If they weren't your immediate family you shouldn't be affected.
While I've lost someone who was the center of my family, I've also lost people that weren't even in my family. It still stings because you are grieving for that person's immediate family. It doesn't matter how close or distant you were with that person, seeing that empty chair on holidays and family gatherings or the thought of not seeing their face ever again still hurts as much as it did the first day without them.
Grief eventually fades away.
This is the biggest misconception I've heard. This summer will mark two years without my grandfather, and it still hurts like crazy. I still tear up when I hear an elderly man singing the bass line at church, or when I see someone in a bowtie. Little things hurt just as much as the big things. It never truly goes away. Sometimes it's a tsunami and sometimes its a raindrop.
No one just gets over the death of a loved one, and it will always always hurt.
Life goes back to the way it was before.
Life will never be the same after you lose someone, it's just a new and uncomfortable normal. Seeing my grandmother walk in alone that first Christmas made me realize that things won't ever be the same. This new normal is a tough change and its just something you have to get used to.

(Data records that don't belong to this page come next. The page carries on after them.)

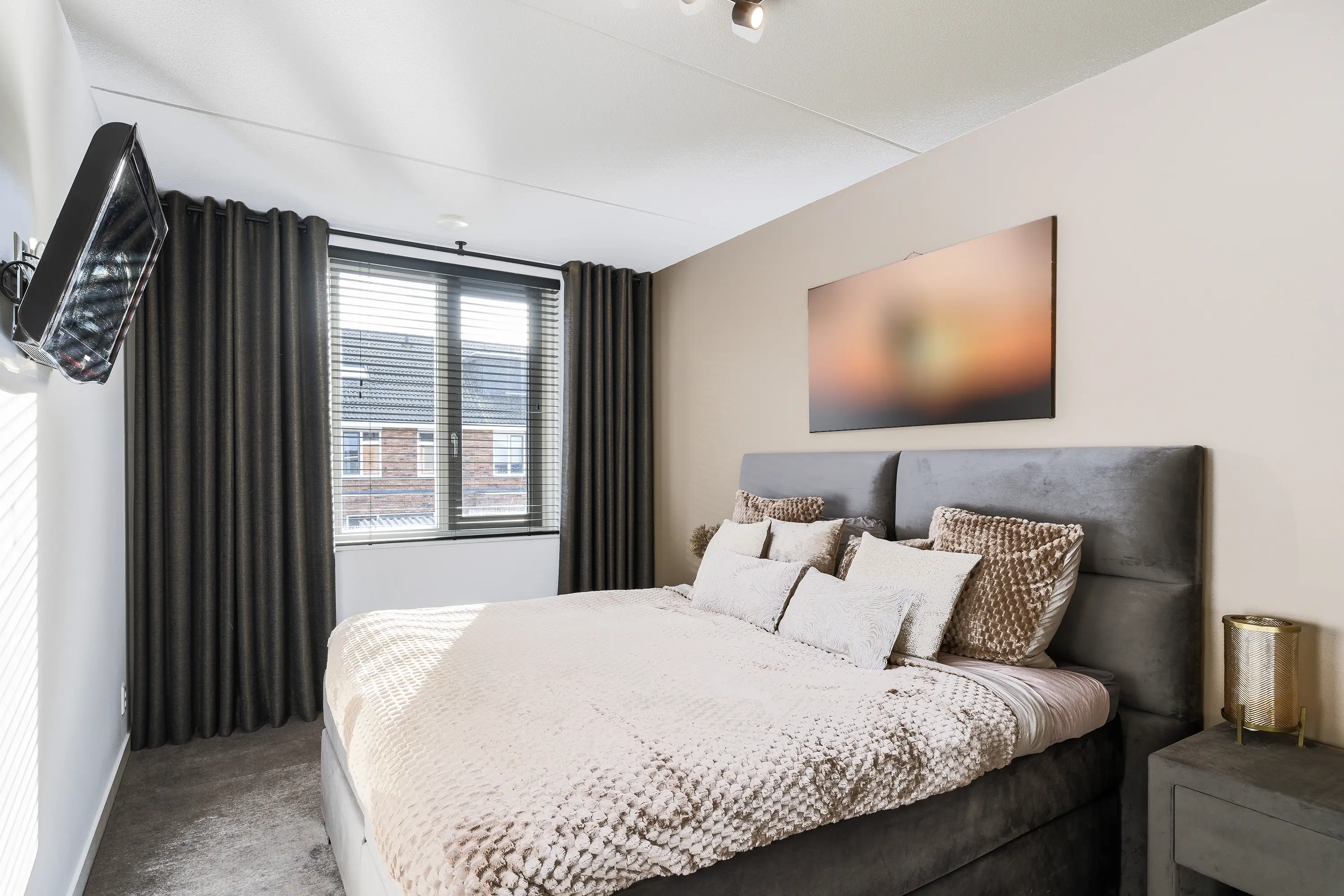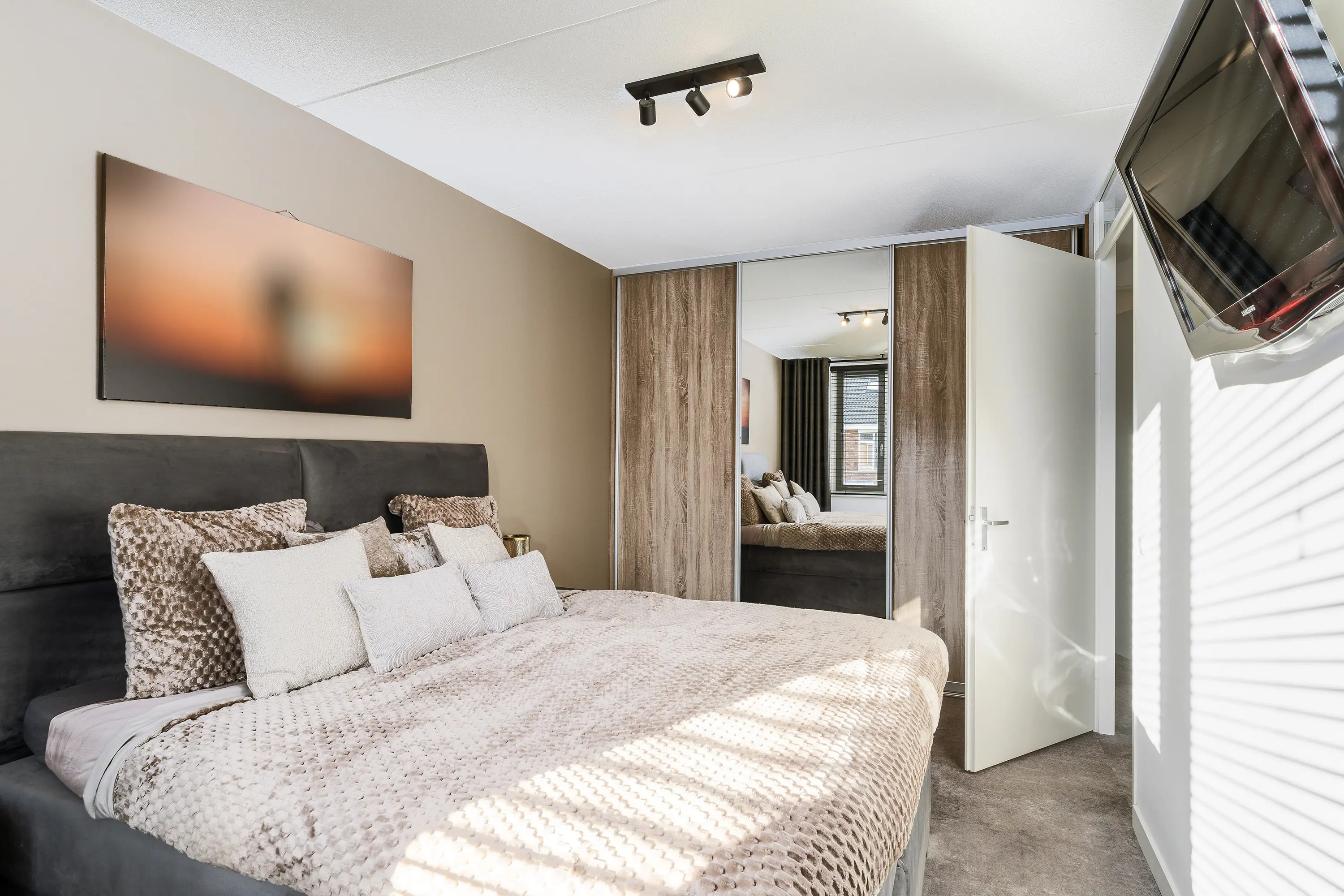 De hoofdslaapkamer is gelegen aan de achterzijde van de woning en beschikt over een ruime raampartij die zorgt voor veel natuurlijk licht. Daarnaast is deze kamer voorzien van een ingebouwde kastenwand, wat zorgt voor voldoende opbergruimte.
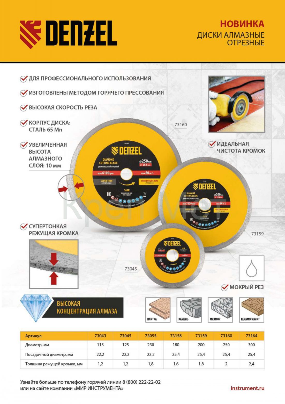 - Высокий ресурс — оптимально подобранная связка надежно удерживает алмазы и обеспечивает своевременное обновление режущего слоя.
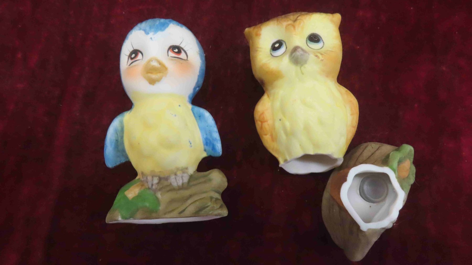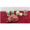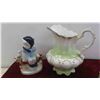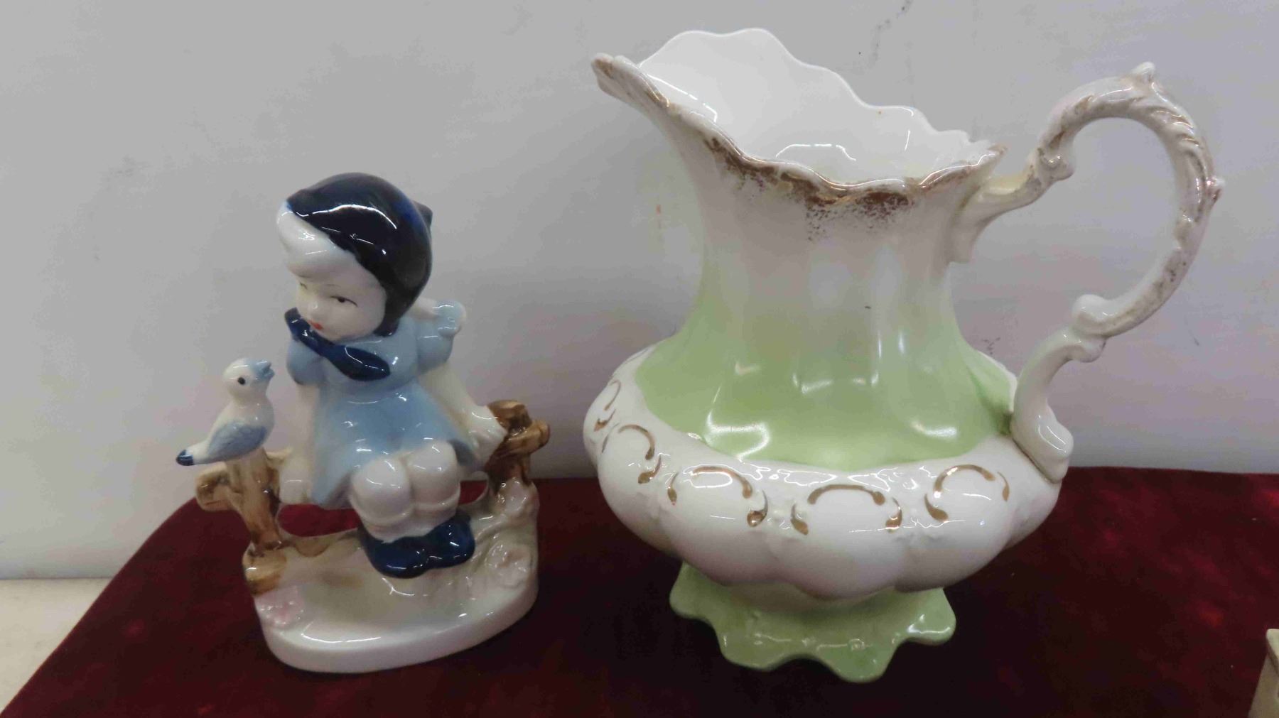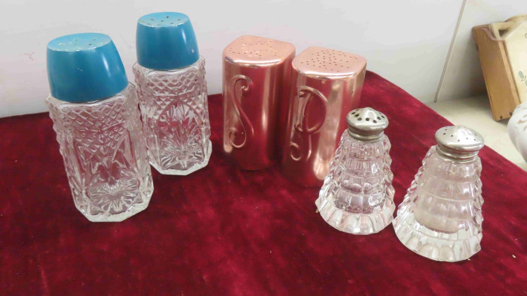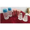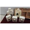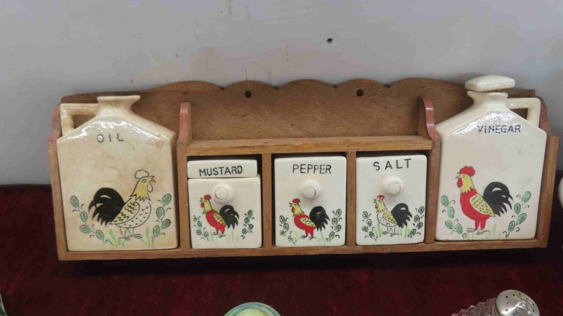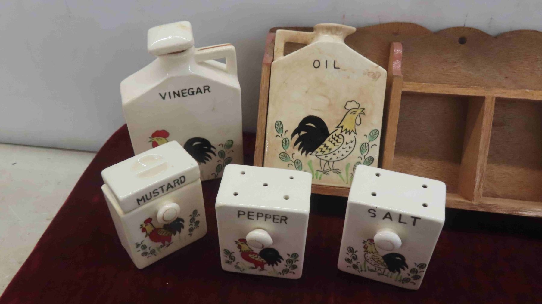 Vintage Salt , Pepper , Oil, Vinegar in Wood Display Rack , More Salt and Peppers, Royal Vitreons Pitcher, Hand Decorated Shafford China with Bird Display
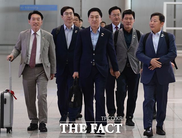김기현 국민의힘 대표와 주요 당직자들이 10일 오전 인천국제공항 제2터미널 출국장에서 미국으로 출국하고 있다. /이새롬 기자
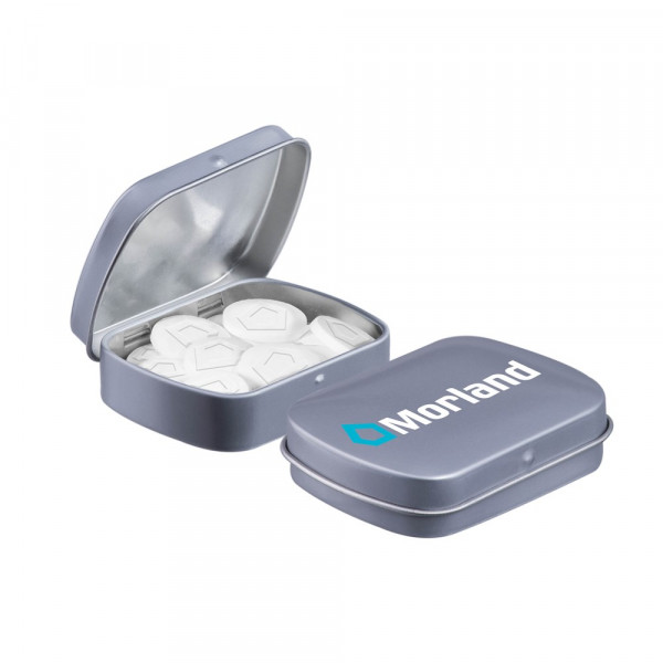 Benötigen Sie eine einzigartige Pfefferminze in Ihrer eigenem Form oder mit Ihrem Logo? Dann bestellen Sie unsere graue Minischarnierdose mit Pfefferminze mit Logo / Form und zeichnen Sie sich durch ein einzigartiges Werbegeschenk aus. Die Dose ist mit einem Siegel und einem ZutatenAufkleber versehen und in verschiedenen Farben erhältlich
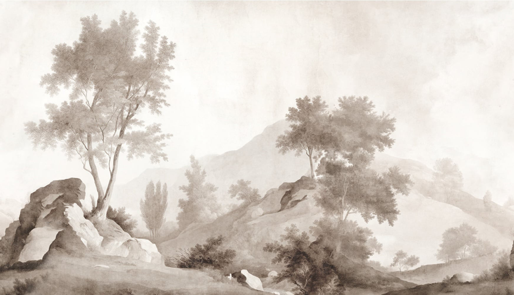 Ethereal Veil Cream este un mural al delicateții și al transcendenței. Ceața și lumina transformă peisajele în viziuni onirice. Pictat în degradeuri delicate de albastru, fildeș și nuanțe de teracotă, acest tapet evocă poezia clipelor efemere surprinse în tușe de pensulă.
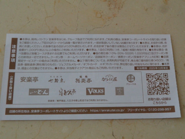 安楽亭★株主優待券★20%割引券★2025年/12月/末日★VOLKS どん亭 七輪房///
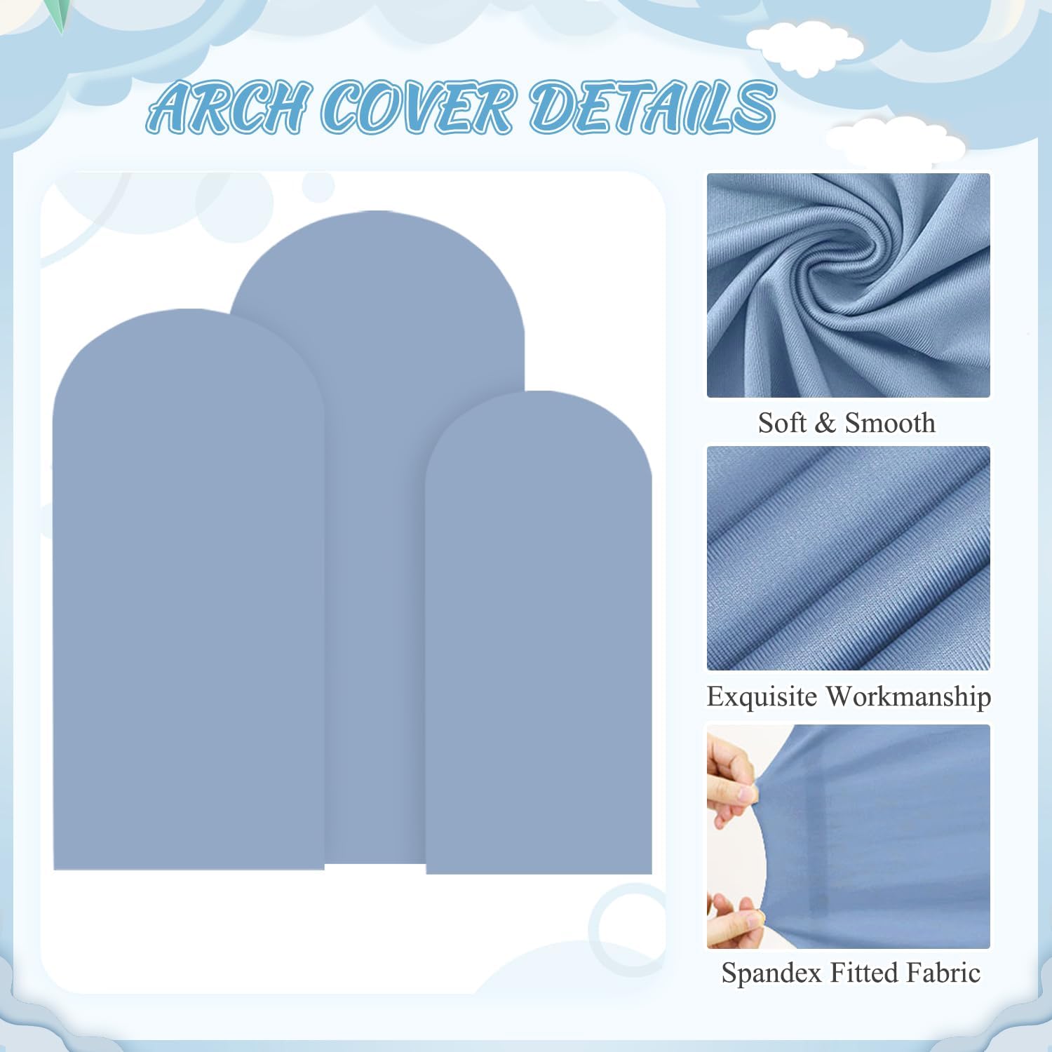 Arch Backdrop Stand and Cover Set of 3 (6FT, 5FT, 4FT) Backdrop Stand for Parties Dusty Blue Arch Covers Stretchy Backdrop Metal Arch Frame Stand for Wedding Graduation Ceremony Birthday Decoration

It only hurts on the annivesaries, birthdays, or holidays.
As Michelle Obama put it:
"It hurts to live after someone has died. It just does. It can hurt to walk down a hallway or open the fridge. It hurts to put a pair of socks or brush your teeth. Food tastes like nothing. Music hurts, and so do memories. You look at something you'd otherwise find beautiful- a purple sky at sunset or a playground full of kids-and somehow it only deepens the loss".
When I lost my grandfather it seemed like everything broke me. Senior year was a tough year for me stress on top of my grief made everything worse. I spent many mornings in my car giving myself pep talks to get through the day. Little things would break me that didn't before, and I questioned why I was fragile. I realized that it was because everything hurts after you've lost someone and sometimes its on a regular day.